So double the value of what is reported by scontrol. And these values, if correct exceed the 230GB limit that should be enforced. By playing with the request, I find I am able to allocate a job with 67 tasks and --mem-per-cpu=1828

salloc --ntasks-per-node=67 --threads-per-core=1 --cpus-per-task=1 --ntasks-per-core=1 --mem-per-cpu=1828
   NumNodes=1 NumCPUs=134 NumTasks=67 CPUs/Task=1 ReqB:S:C:T=0:0:*:1
   TRES=cpu=134,mem=122476M,node=1,billing=134
   Socks/Node=* NtasksPerN:B:S:C=67:0:*:1 CoreSpec=*

As I increase the number of tasks, the amount of memory I can use via --mem-per-cpu also decrease.
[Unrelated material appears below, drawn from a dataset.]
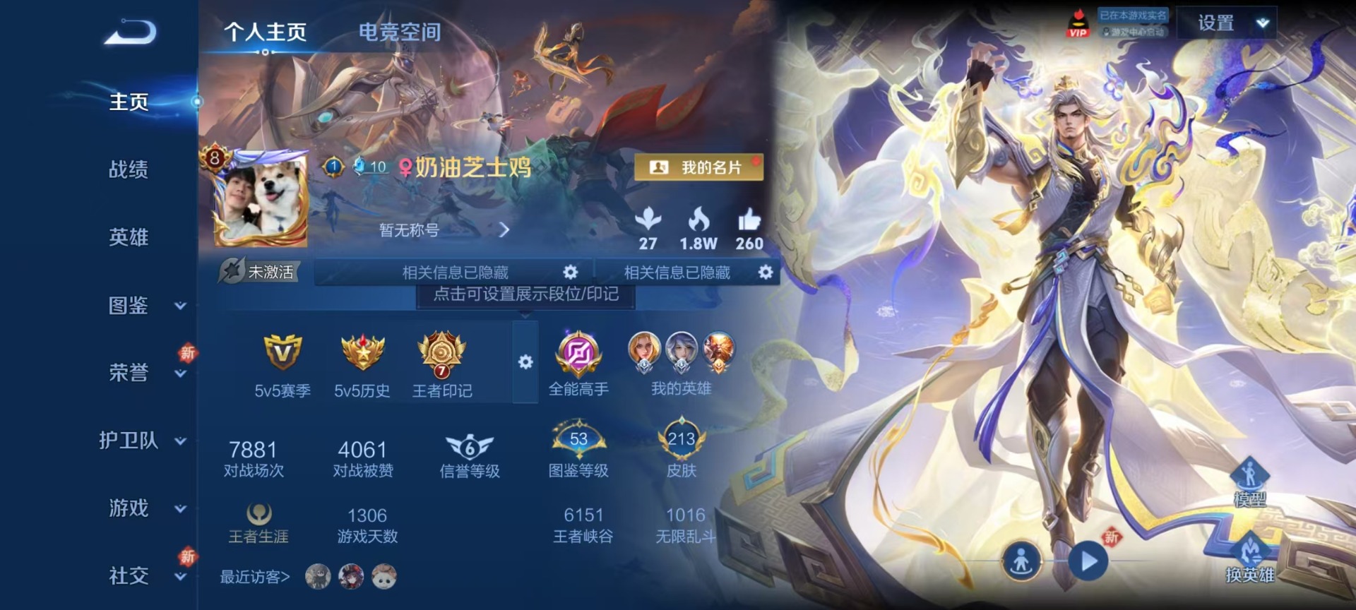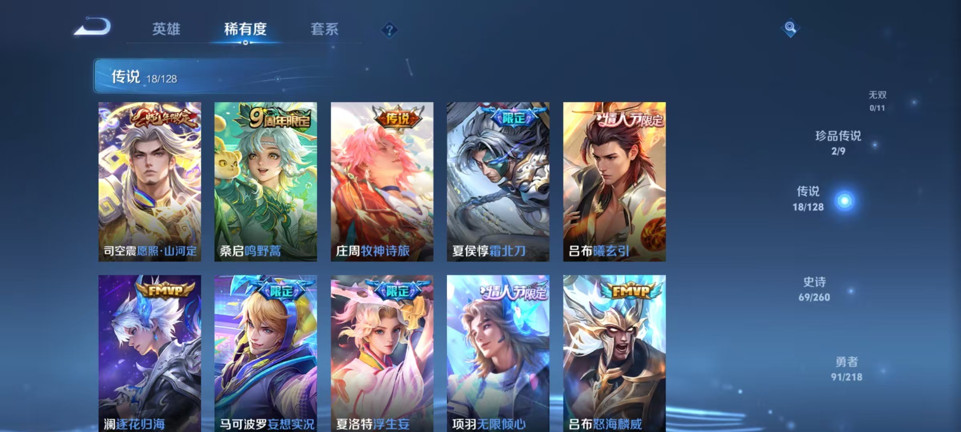 - [11553736]V8 1典藏 12传说 125英雄 271皮肤 可修改实名 优质装备:鸣剑·曳影,云鹰飞将(小将军),一念神魔,末日机甲-孙尚香(绿蚂蚱),时之恋人-刘备(电焊工),无双飞将,碎云,山海·苍雷引(电光曜子),鹤羽星尊 传说皮:幻光神枪 珍宝阁皮:优雅恋人,玩趣恶龙 限定皮:愿照·九州拓(澜年限),鸣野蒿,魔法小厨娘,五谷丰年,梁祝,孙行者,神器·万象笔,山海·玄木吟(马可年限) 史诗皮:化蝶舞,龙之律动,百相守梦-周瑜,茶境仙,埋骨钱,上官婉儿群星魔术团,蔬乡物语(鲁班七号),百相守梦-黄忠,紫霞仙子,黄金分割率,特工魅影,永昼,百相守梦(刘备),江河有灵,蒙恬荣光圣徽,魅语,晚萤,冰冠公主,末日机甲-吕布,猫狗日记-孙策,猫狗日记-大乔,节奏热浪,女仆咖啡,摇滚巨星,水果甜心,绅士熊喵,天才门将,星夜王子,心灵骇客,时之奇旅-安琪拉,功夫厨神,德古拉伯爵,暗隐猎兽者,幽灵船长,鬼剑武藏,暗渊魔法,心灵战警,舞动绿茵,地狱岩魂,纤云弄巧,缤纷独角兽,乘风破浪,逐浪之夏,月团寄思,水晶猎龙者,曙光守护者,唤灵魅影,金属风暴,原初追逐者,圣诞狂欢,鹰眼统帅,魅力维加斯,黎明之约,赏金猎手,无心,未来纪元-赵云

The result of these requests seems to indicate that there is a hidden 240GB limit. 
salloc --ntasks-per-node=68 --threads-per-core=1 --cpus-per-task=1 --ntasks-per-core=1 --mem-per-cpu=1801
   NumNodes=1 NumCPUs=136 NumTasks=68 CPUs/Task=1 ReqB:S:C:T=0:0:*:1
   TRES=cpu=136,mem=122468M,node=1,billing=136
   Socks/Node=* NtasksPerN:B:S:C=68:0:*:1 CoreSpec=*
   MinCPUsNode=68 MinMemoryCPU=1801M MinTmpDiskNode=0

salloc --ntasks-per-node=128 --threads-per-core=1 --cpus-per-task=1 --ntasks-per-core=1 --mem-per-cpu=957
   NumNodes=1 NumCPUs=256 NumTasks=128 CPUs/Task=1 ReqB:S:C:T=0:0:*:1
   TRES=cpu=256,mem=122496M,node=1,billing=256
   Socks/Node=* NtasksPerN:B:S:C=128:0:*:1 CoreSpec=*
   MinCPUsNode=128 MinMemoryCPU=957M MinTmpDiskNode=0

These give total requests assuming a hidden factor of 2 of 244952, 244936, 244992, something close to 245000. This number is nowhere to be found in our config. 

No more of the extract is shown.